Our findings indicated an unexpected trend: as text length increased, the F1 score generally decreased, suggesting that longer texts might not necessarily yield better models. This was contrary to prior assumptions [22] and raises questions about the optimal text length for training classifiers in citizen participation. However, longer texts can also lead to poorer performance when the narrative deviates from the central theme, complicates label assignment, or tends to be ambiguous. This pattern led to the conception of the third training of SVM models, where a sliding text length window was applied to the dataset to fine-tune the optimal word count range. The results, presented in Table 4, begin with an evaluation of model performance in identifying a specific range where text length maximizes classification accuracy.

Our analysis indicated that datasets with shorter texts, as displayed in the first column of Table 5, exhibited the highest performance. Performance consistently declined as the text length window expanded to include longer texts. This pattern was not attributable to dataset size, as datasets with shorter texts performed significantly better than those with longer texts of comparable size, identifying text length as the critical variable afecting model performance. These three approaches collectively suggest that the established research findings might not directly apply to the domain of citizen participation data, e.g., citizens’ contributions. Although evidence was found that shorter contributions are easier to categorize, variations could arise with diferent datasets and methodologies. This insight is valuable for facilitators, who may encourage participants to make brief contributions for more eficient processing.

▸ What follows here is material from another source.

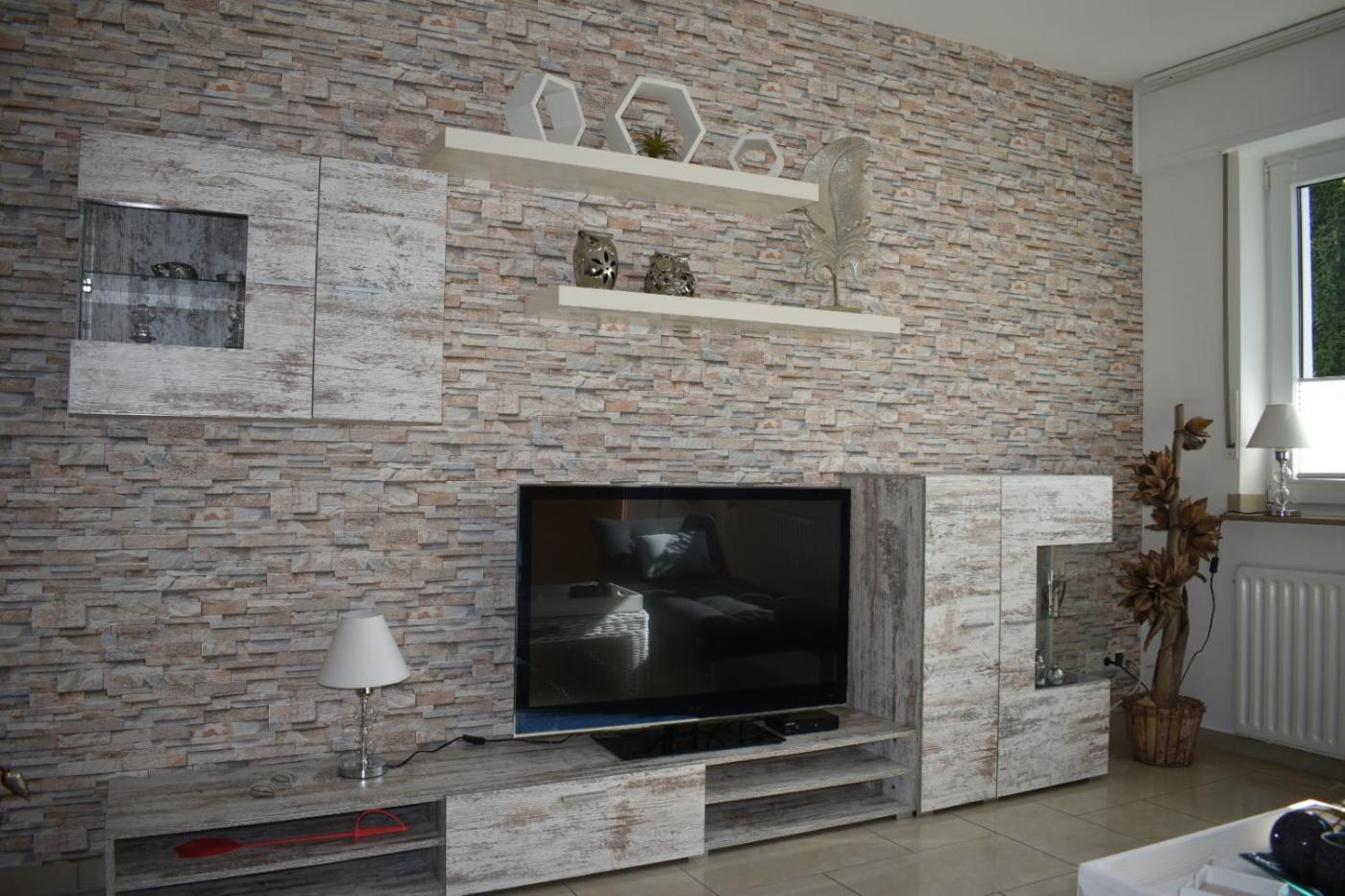 Apartment. This spacious apartment is comprised of 1 living room, 1 separate bedroom and 1 bathroom with a bath and a shower. Guests will find a stovetop, a refrigerator, a dishwasher and kitchenware in the fully equipped kitchen. The apartment also has a barbecue. Featuring a terrace, this apartment also offers a washing machine, a private entrance and a flat-screen TV with satellite channels. The unit offers 3 beds. ;

To examine the impact of dataset size and the number of entries per class, we trained several additional ML models. The F1 score of SVM models that contained at least 1,145 entries is shown in Table 6. The classes included are Mobility, Environment, Living, Social Network, Education, and Economy (cf. Table 1). The performance increased significantly when the dataset size increased over the trained models up to 1,145 entries per class. Although results kept improving with each increment, diminishing returns were noticeable, as denoted by the last row of Table 6. This suggests a performance plateau at a certain dataset size, but the dimensions of the plateau could not be captured with the limited amount of the citizens’ contributions.

Next, we focused on transformer technology. We trained a transformer model (DistilBERT) using default parameters from the Simple Transformers library (Python), with a batch size of 8 and over 8 epochs, achieving an F1 score of 0.759% on an evaluation dataset of 600 instances. Further trained models, including an up-sampling of the training data with duplicates, were allowed, and datasets were assessed at 1,200, 1,500, and 2,000 instances per class (cf. Table 1). Despite maintaining less than 5% duplicates in test sets to minimize bias, performance increased impressively, highlighting that transformer models benefit from larger training datasets. Incremental epochs 12 and 16 showed no significant improvement, reinforcing the model’s responsiveness to dataset size over extended training durations. However, an accurate classification with an F1 score of 0.92, as shown in Table 6, is promising, even if it was only achieved with the six classes of Mobility, Environment, Living, Social Network, Education, and Economy (cf. Table 1) due to a lack of further data.

5. Discussion

In this paper, we examined the RQ "How should textual citizens’ contributions from e-participation be classified with machine learning techniques?" by applying the KDD Framework, which provided a structural approach for analyzing data and deriving knowledge. To answer the RQ, we collected and created a labeled dataset of 17,031 preprocessed entries representing real citizens’ contributions from past participation projects, which we used to train and analyze multiple ML models.

For practitioners and scientists, the dataset created can serve as a baseline for future development and currently represents the largest dataset so far, which we hope will soon be extended. This desire is also reflected in our findings. The trained ML models demonstrate that training is possible with an acceptable F1 score, e.g., validity, especially for the classes in which our dataset contains many entries. However, as urban experts and decision-makers should develop a proper vision and decide if these sometimes very costly (construction) projects are implemented, a high validity of the analysis of data is required, leading to the following insights.

Insight 1: Only validated ML models with high validity should be used to analyze citizens’ contributions from e-participation, which requires more data.

Insight 2: Preprocessing is mandatory, especially regarding the meaning of contributions and their decomposition into sense-making pieces.

Insight 3: ML model classifiers must represent the desired classes by experts in the training data equally to increase the accuracy of the prediction.

Insight 4: The length of the text contributions is decisive for the classification and must be preprocessed as required and divided into semantic paragraphs.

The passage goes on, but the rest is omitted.